Well I managed to get the bed assembled in Charlies room on Christmas eve, quite tricky assembling it in such a small place but it went together OK, the floor appears to be fairly uneven which meant fiddling around a bit. But it was finished enough to sleep in for Xmas.

Today I got time to finish off the main bed by applying the stone effect wall paper.

Our eldest son has moved in to the bottom of the castle and hasn't slept in his room since but they both appear to be quite happy with their new quarters which was the main aim. I think I will end up building another bed just to get our eldest back in his own room.

I picked up some battery operated LED lights with motion sensors from homebase so the lights come on automatically when he comes down the steps at night.

Just the drawers to make now,

I did take some photos but very difficult in a small room.

Would anyone want quite a bit of 18mm Moisture resistant MDF there are a lot of off cuts, I cant store them so they will be disposed of quite soon.

Thanks for the advice again.

Mark


----------



## Halo Jones (28 Dec 2013)

That is really cool. Would quite like one for myself


----------



## MMUK (28 Dec 2013)

Nice work =D> 

What you failed to say though Mark is that your eldest is an adult :wink: :lol:


----------



## marku (28 Dec 2013)

Thanks for the comments

Our eldest son is seven so not quite an adult, he would now like a new bed.

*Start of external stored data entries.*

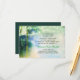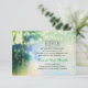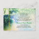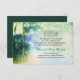 artistic teal beach palms and string lights wedding reception cards.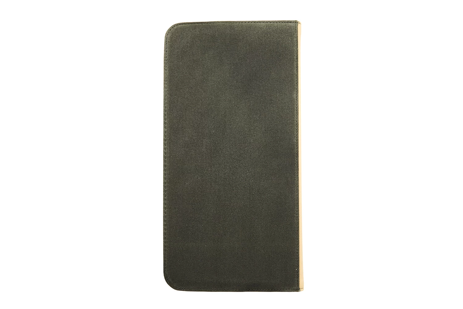 This army green canvas case holds up to 40 pens, each held snug in its own slot.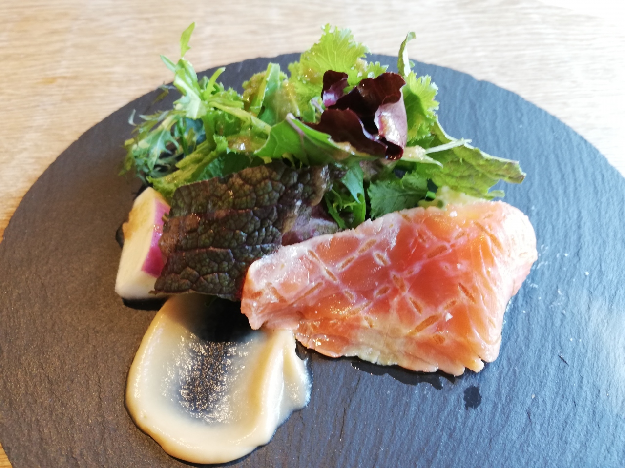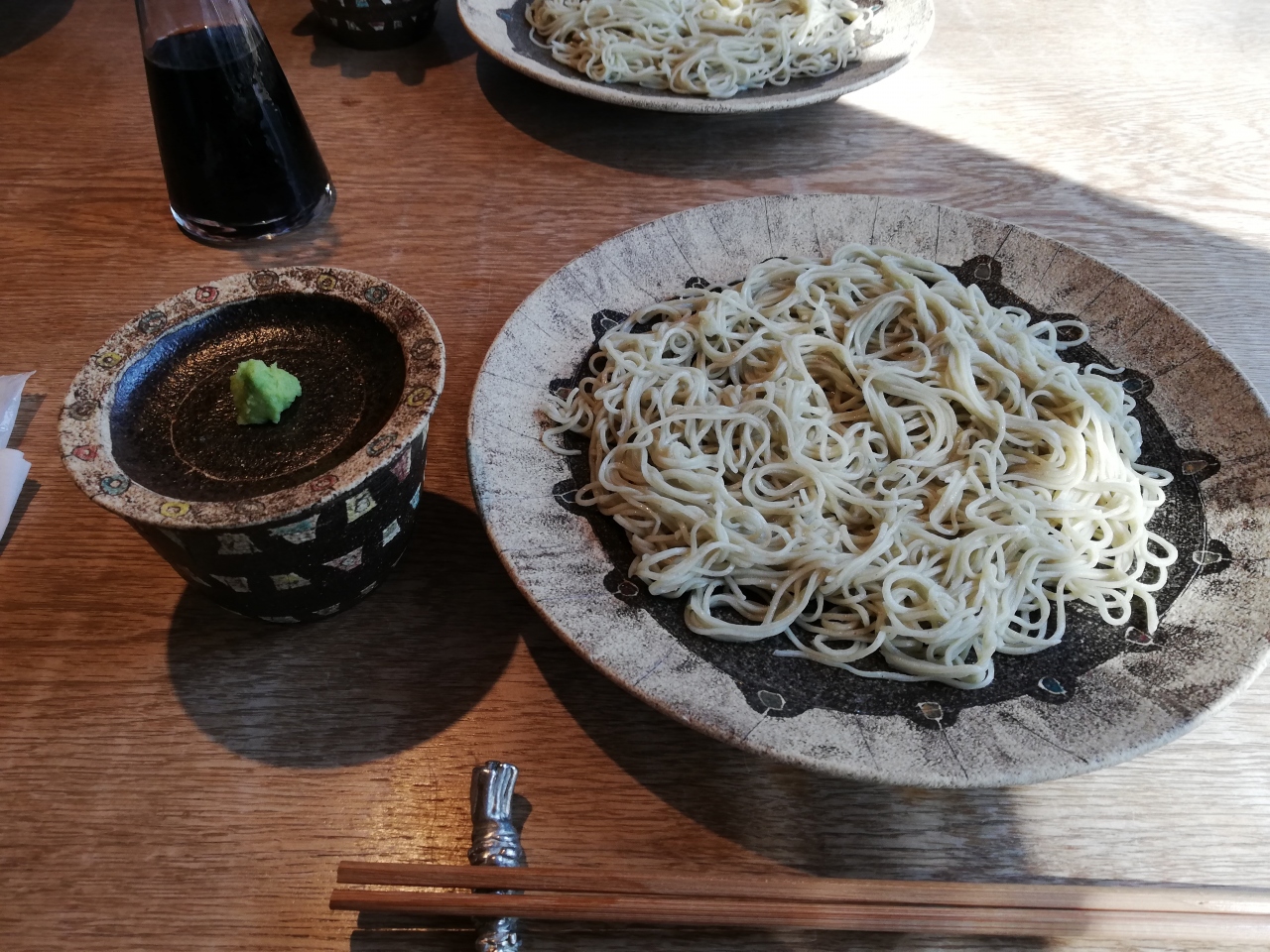 ランチで利用しました。土曜日の13時20分くらいに到着しましたが、待ち時間無しでの案内となりました。家族全員「蕎麦コース」を注文しました。前菜は「紅ますのサラダ」です。紅ますが炙ってありまして、脂ものっていて美味でしたね。そばは、「もりそば」・「牡蠣そば」・「イノシシそば」を注文しました。少し遅めに行った方がゆっくり出来ます。

He thinks a tree house would be good in his room. So I think I will be building another bed in a few weeks time.

My wife managed to find some good stickers which have now been applied, which finished the job off (apart from some drawers).

Mark


----------



## My63 (28 Dec 2013)

Well done mark a fantastic result.
Tree house sounds like a bed on stilts disguised as branches to me.
Best of luck 
Michael.


----------



## paulm (29 Dec 2013)

Looks great Mark, bet he was well chuffed 

Expect all his mates will want one too when they see it !

Cheers. Paul


----------



## Roughcut (29 Dec 2013)

Looks fantastic!
The wallpaper really adds the finishing touch.
What a great dad you are.


----------